Fri Jul 16 08:06:11 UTC 2021
Toralf Lund <toralf.lund at pgs.com>

On 15/07/2021 12:57, Stephen John Smoogen wrote:
> On Thu, 15 Jul 2021 at 05:30, Toralf Lund <toralf.lund at pgs.com> wrote:
>> On 15/07/2021 09:37, Gianluca Cecchi wrote:
>>> On Tue, Jul 13, 2021 at 2:03 PM Toralf Lund <toralf.lund at pgs.com> wrote:
>>>
>>>> Does anyone else run Microsoft Teams on CentOS 7?
>>>>
>>>> I've used it for a while now, and it's generally worked reasonably well.
>>>> However, after upgrading to the latest version from the Microsoft repos,
>>>> it doesn't start up properly. Processes start and remain active until I
>>>> give up and kill them, but I can't see a window or a tray icon or anything.
>>>>
>>>> Has anyone else seen this? Is there anything I can do to make the GUI
>>>> appear?
>>>>
>>>> This is not a big deal as everything just works fine if I revert to the
>>>> previous release, but it would be interesting to know if this is a
>>>> general problem with the software, or I have some weird issue with my
>>>> system.
>>>>
>>>> The release that doesn't work is 1.4.00.13653. The one that does is
>>>> 1.4.00.7556.
>>>>
>>>> - Toralf
>>>>
>>>>
>>>>
>>> At the end I think you have something broken with your repo config or you
>>> installed forcing something.
>> Like I said elsewhere, it turns out that it's a little more complicated
>> than that. The libraries are actually "provided", but they're not on the
>> library path.
>>
> That isn't provided..

It's quite definitely provided. I'm mean in the rpm/package install 
context, of course, which is what we were discussing.

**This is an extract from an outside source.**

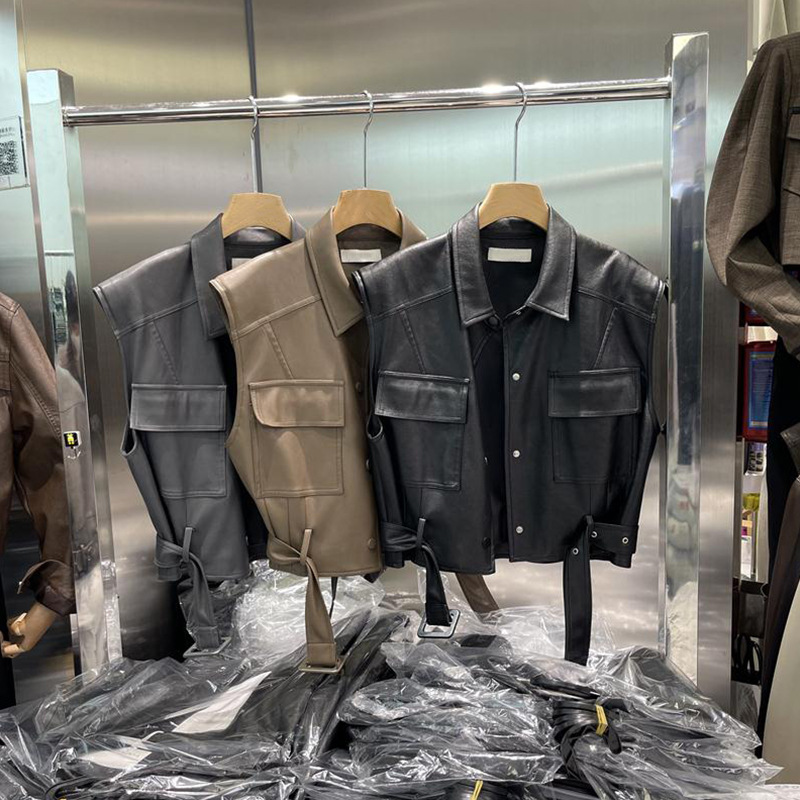 여자 한국 스타일 PU 가죽 조끼 2025 가을 새로운 짧은 느슨한 스탠드 업 칼라 조끼 허리 조끼 재킷스토어 가기

The libraries/abi versions are also provided in the sense that the 
actually exist on my system, event though teams can't find them right now.

>   that is a private copy that chrome bundles
> itself to use. It may or may not have all of the library calls in it
> (the chrome upstream may only turn on things it knows it wants), and
> it may have changes which the team doesn't expect.

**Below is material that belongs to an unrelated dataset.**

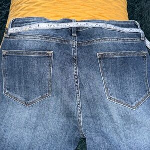 Great Boho Western Jean with embroidery in rust, copper, brown and tan. Tons of detail styled with a tank and wedges for summer or boots and a fluffy sweater for coffee in fall or winter. They are amazing with a fringed buckskin vest to take to NFR 🤩

I think you're missing my point. The teams install works because the 
package *claims* that it provides everything teams wants (besides what's 
in the "normal" system libs.) Whether it works or not is a different 
question.

It most likely will, though, if I set up the necessary LD_PRELOAD etc. 
(haven't been able to try because I needed to have a Teams version i 
*knew* worked.)  It's unlikely that there are "changes which the team 
doesn't expect"; I'm reasonably sure this is a straight 
rebuild/repackaging of newer upstream "libstdc++". It's also not an 
integral part of Chrome, but rather a package someone related to the 
Fedora team made to allow a certain "upstream" versions of chrome to 
work on a certain "downstream" OS release.

>
> Also teams is looking for `rpm -q --whatprovides
> 'libstdc++.so.6(GLIBCXX_3.4.20)(64bit)'` and you typed
> `rpm -q --whatprovides 'libstdc++.so.6(GLIBCXX_3.4.22)(64bit)'`

No, it looks for several different "libstdc++.so.6" versions, and the 
"chrome" package provides them all. I just listed one of them to 
illustrate the point.

>
> Basically Microsoft teams will need to bundle this newer version of
> glibc they are using to make your software work.